No importaban las cifras exactas; todas significaban lo mismo: condena, desesperanza, la certeza de que jamás podría escapar de este infierno de deudas.
Aunque trabajara día y noche, sudando cada centavo, jamás lograría saldar semejante cantidad.
La realidad lo golpeaba con la misma fuerza con la que la lluvia lo había empapado horas antes, dejándolo despojado de todo: su hogar, sus tarjetas, incluso su celular, ahora inútil y silencioso como un objeto abandonado.
Era un cadáver ambulante, pero con el infortunio de que la muerte aún le rehuía, dejándolo en un estado de limbo, sin escapatoria ni esperanza.
La imagen de un perro acercándose para marcarlo como territorio, patética y humillante, habría arrancado una risa amarga de sus labios si no estuviera tan desgastado por dentro, tan vacío y sin fuerzas.
Pero en ese momento, las voces en la habitación lo sacaron de su ensimismamiento, recordándole que no estaba solo en este infierno.
El jefe de los prestamistas, un hombre cuyo temperamento era tan impredecible como un relámpago en medio de una tormenta, estaba desquitándose con sus subordinados, su bate de metal resonando contra la carne de sus desdichados hombres.
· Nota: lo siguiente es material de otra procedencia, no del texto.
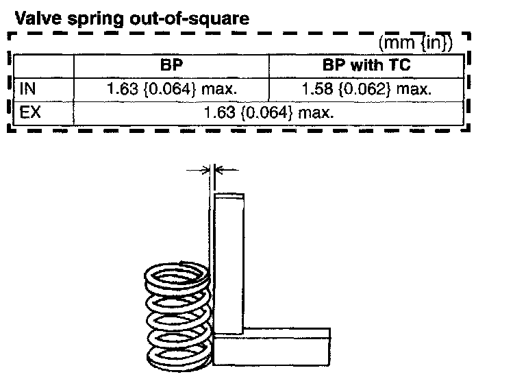 2. Measure the out-of-square of the valve spring. Replace the valve spring as necessary.
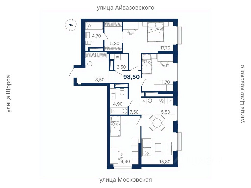 Общая площадь98,5 м²
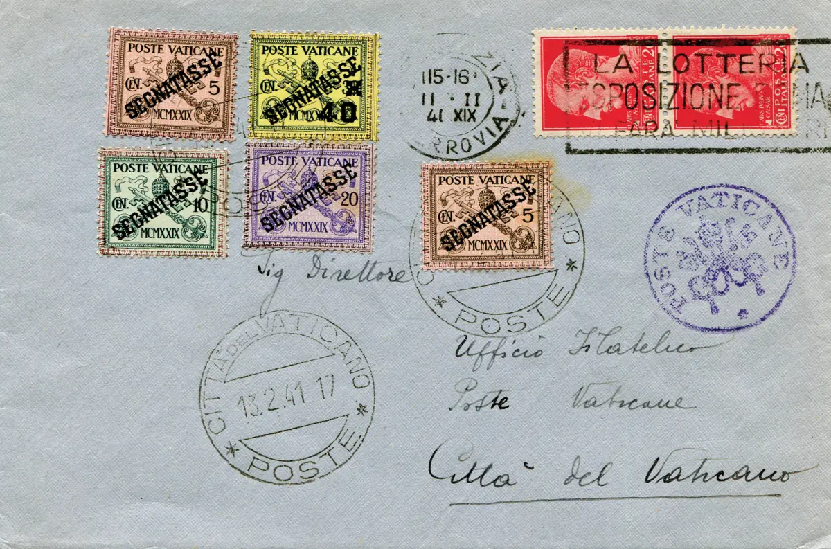 Steuermarken - Umschlag, der am 11.2.41 von Venedig in den Vatikan verschickt wurde Umschlag - Steuermarken - Umschlag, der am 11.2.41 von Venedig in den Vatikan verschickt wurde, frankiert mit zwei Exemplaren von Cent. 20 Imperial pro Cent besteuert. 80 fünf Werte der Steuermarken (Nr. 1 x 2, Nr. 2, Nr. 3 und Nr. 4) - neben Jahrgang. Stempelrund der Vatikanischen Post - leichte Vergilbungen um die Verzahnung - Selten, für Spezialisten Cod. 831/15

Yuya lo observaba desde el sofá, silencioso, como un espectador que ya no encontraba sentido en los horrores del espectáculo que tenía ante sí.
La escena era dantesca, un reflejo de la crueldad y la desesperación que lo rodeaba.
El jefe rugía y maldecía, su voz como un trueno que llenaba la habitación, mientras sus subordinados temblaban y se disculpaban, como animales acorralados.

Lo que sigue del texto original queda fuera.